BRIEF DESCRIPTION OF THE DRAWINGS

[0023] Embodiments of the invention will now be described, by way of example only, with reference to the accompanying drawings, in which: [0024] Figure 1 shows a schematic side view of one embodiment of the invention.

[0025] Figure 2 shows the schematic side view of Figure 1 but without the gap filler present.

[0026] Figure 3 shows a schematic side view of another embodiment of the invention.

[0027] Figure 4 shows a flow diagram of a method of one embodiment of the invention. [0028] Figure 5 shows a schematic isometric view of an aircraft

DETAILED DESCRIPTION

[0029] In prior arrangements, when a gap or step is present between aircraft components, it is known to fill this gap with a sealant (e.g. epoxy resin).

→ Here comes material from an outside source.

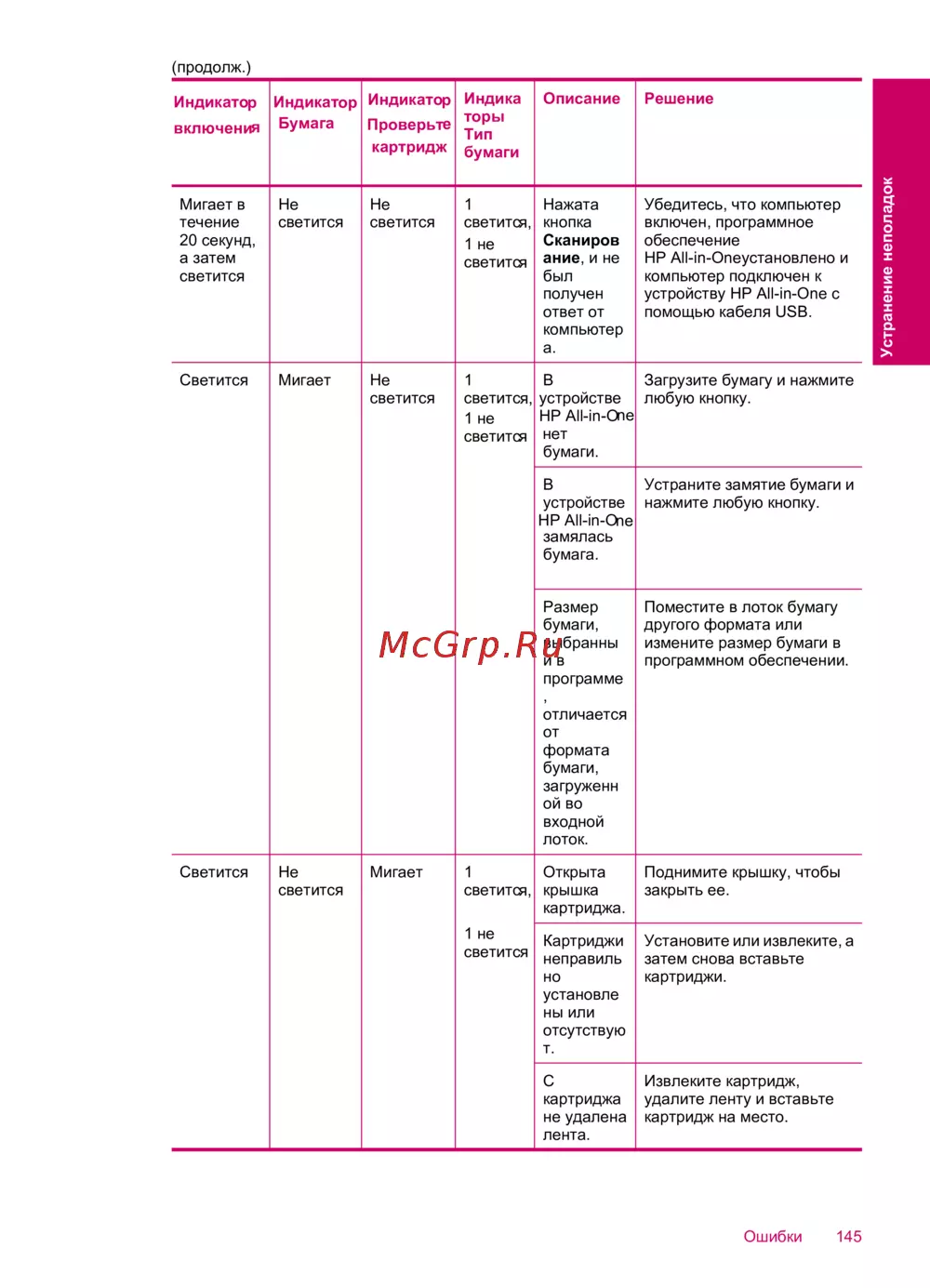 - Индикаторы на устройстве hp all in one мигают определенным образом сообщая о различных ошибках для получения информации об устранении ошибок о которых сообщают мигающие или светящиеся индикаторы hp all in one см следующую таблицу p.147

However, this process can be time-consuming, as it requires manually filling all of the gaps and/or steps and then waiting for the sealant to dry. Multiple applications of the sealant may be required if the gaps and/or steps are not satisfactorily filled or covered as a result of the first application. It also leads to an unsatisfactory aesthetic appearance of the aircraft components. Moreover, when an aircraft component needs to be removed to be serviced or replaced, the sealant must be fully removed and then reapplied when the aircraft component is reattached. Again, this can be very time-consuming.

[0030] The presence of gaps and/or steps between aircraft components is particularly unwanted in aerodynamic surfaces (e.g. aircraft wings) Any irregularity in the aerodynamic surfaces can have a direct impact on the aerodynamic performance and/or efficiency of those components.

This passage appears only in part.